De passage begint met een bevel van jhwh aan Abraham alles achter te laten, zijn land, zijn stam en familie, om een onbekende toekomst tegemoet te gaan. In vers 4 voert Abraham dat bevel uit. Daartussen staat de relatief lang uitgewerkte belofte met als voornaamste motief ‘zegen’; het woord komt vijfmaal voor in de twee verzen: in vers 2 heeft de zegen betrekking op Abraham, in vers 3a op degenen die met Abraham samenzijn en samenwerken. En in vers 3b tenslotte geldt de zegen alle geslachten der aarde. We zien een steeds wijder wordende cirkel van zegen die uitstraalt vanaf Abraham. Oorsprong van de zegen ligt bij God: Hij zal Abraham zegenen en zijn naam groot maken, en daardoor kan Abraham een zegen zijn voor anderen.

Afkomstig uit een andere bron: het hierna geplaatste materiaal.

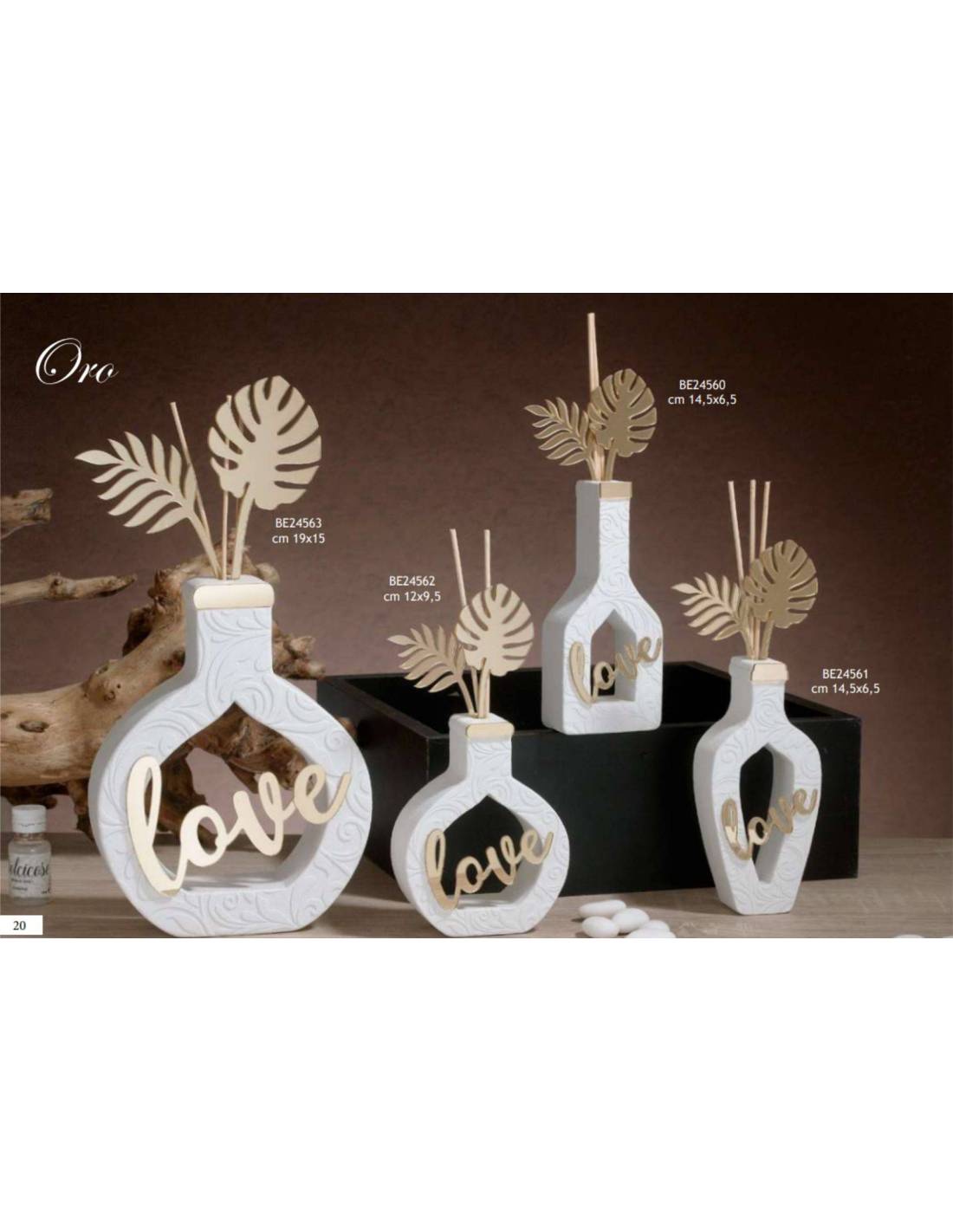 Profumatori ambiente Dolcicose che rappresentano bottiglie con scritta 'Love' dorata con quattro formati differenti.
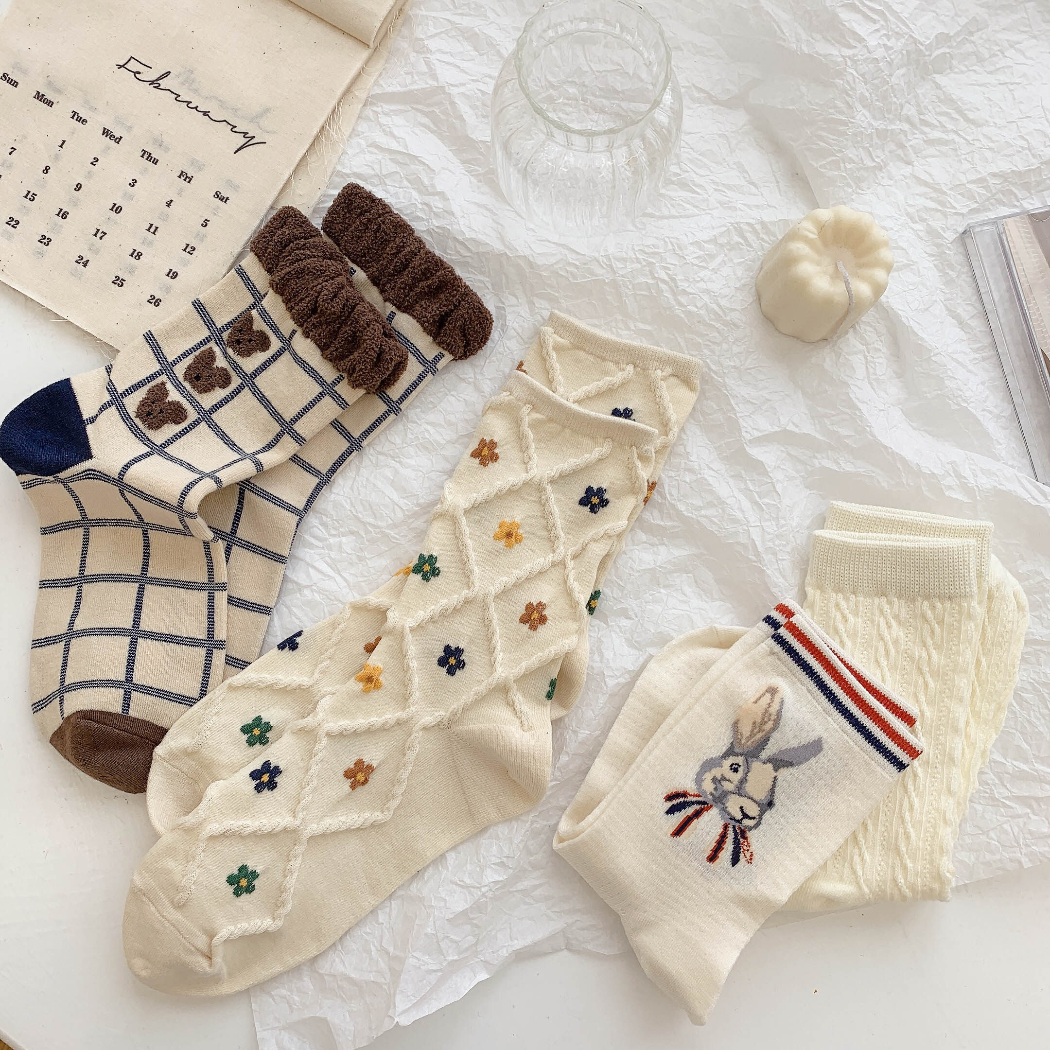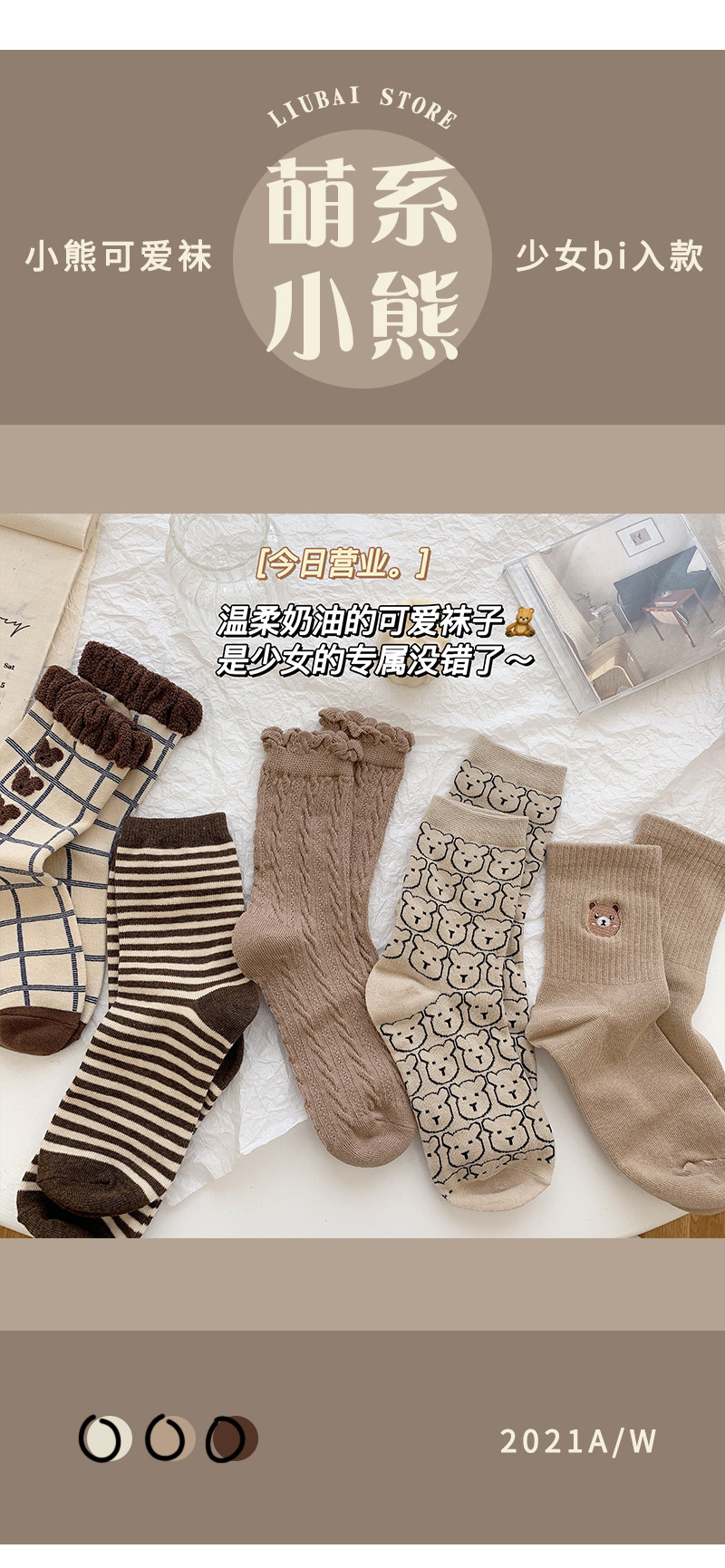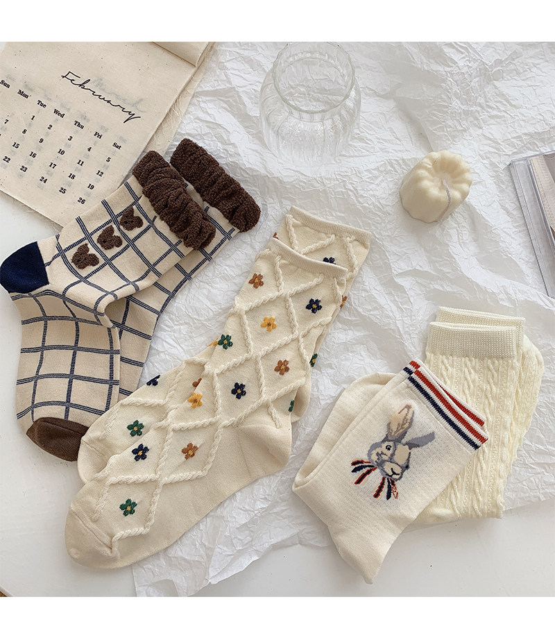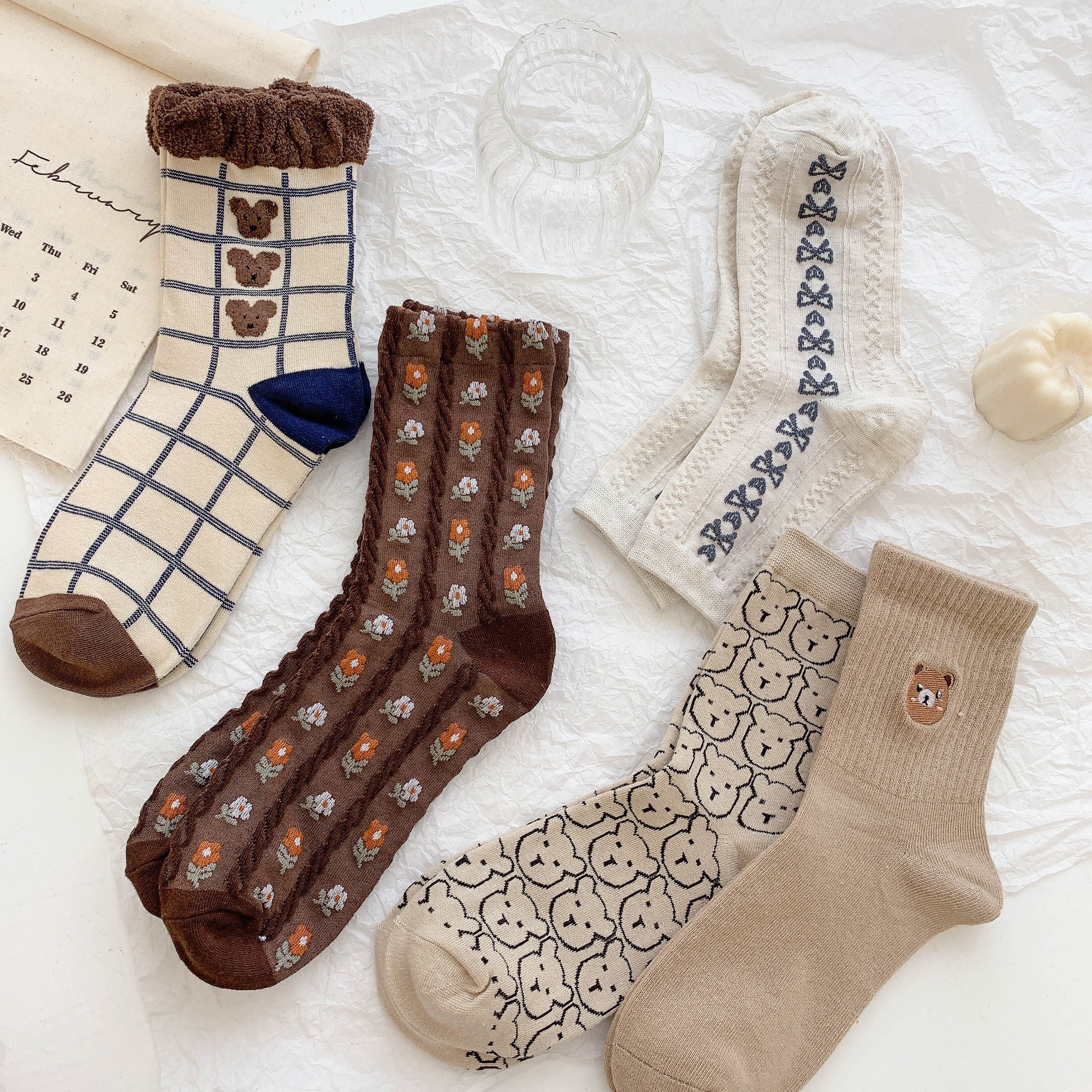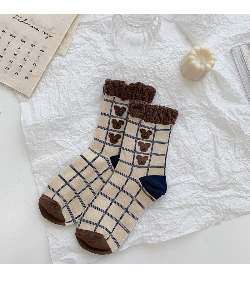 Tide, коричневые демисезонные носки, японские милые белые тонкие осенние гольфы, с медвежатами

‘Gezegend’ betekent: vruchtbaar zijn (zie Gen. 1,28), groeien, slagen en dat niet eenmalig maar in een voortdurend proces. Door de zegen op alle geslachten der aarde te betrekken wordt een boog gespannen naar de vorige Genesishoofdstukken over de schepping van de aarde en haar bevolking. De bevolking die God in de schepping tot stand bracht, wordt beloofd dat ze zal delen in de zegen door Abraham. De zegen van God heeft dus een dubbele uitwerking: enerzijds op Abraham zelf, wiens naam groot zal zijn (d.i. een groot volk wordt) en anderzijds op anderen, die via Abraham ook die zegen Gods zullen ontvangen, wat in vers 3 wordt geëxpliciteerd. Die zich met Abraham associëren kunnen op Gods zegen rekenen, ze staan ook onder Gods bescherming; maar wie zich tegen Abraham keert, kan op Gods toorn rekenen (‘Ik zal ze vervloeken’). Dit zich met Abraham associëren is in principe onbegrensd: alle geslachten der aarde zijn daartoe uitgenodigd en kunnen zich gezegend noemen. Dat is de uiteindelijke doelstelling van de zegen gevende God.
Psalm 33
Deze psalm telt 22 verzen, wat overeenstemt met het aantal letters van het Hebreeuwse alfabet, hoewel het geen alfabetisch acrostichon is zoals Psalm 34 die daarop volgt. Toch wil dit bijzondere aantal verzen ‘volledigheid’ uitdrukken. Hij bestaat uit drie delen: inleiding – de verzen 1-3, een oproep tot de rechtvaardigen om de Heer te prijzen; middendeel – de verzen 4-9, de rechtvaardiging van die lofprijzing; slot de verzen 20-22 in wij-vorm, een belijden van Godsvertrouwen door de gemeenschap.
2 Timoteüs 1,8b-10
Deze brief maakt deel uit van de pastorale brieven: brieven geschreven aan een pastor, een leidinggevende in de kerk. Timoteüs is de geliefde leerling en erfgenaam van Paulus, en kort voor hij zal sterven (2 Tim. 4,6-8) schrijft de auteur zijn geestelijk testament aan deze discipel. In het eerste deel, 1,3-14, dankt Paulus God en Timoteüs voor zijn medewerking en geeft hem aanwijzingen voor zijn verdere apostolaat. De krachten waardoor Timoteüs zich gesteund weet zijn tweeërlei: de Geest Gods die hij door de handoplegging van Paulus heeft ontvangen en het evangelie dat hem is toevertrouwd. Daarbij hanteert deze brief uitdrukkingen die in oudere brieven van Paulus voorkomen. ‘Schaam u niet voor het evangelie’ verwijst naar Romeinen 1,16 waar Paulus van zichzelf zegt zich niet te schamen voor het evangelie. De kracht van de Geest als hulp bij het dragen van het lijden was in Romeinen 8,12-17 voorgekomen en daar toegepast op alle christenen; hier wordt het op Timoteüs betrokken (zoals ook in 2 Tim. 1,14; 2,1v). Het ‘gered worden, niet op grond van eigen daden maar volgens zijn besluit en genade’ (v. 9) had Paulus in ook aan de Efeziërs geschreven (Ef. 2,4-8)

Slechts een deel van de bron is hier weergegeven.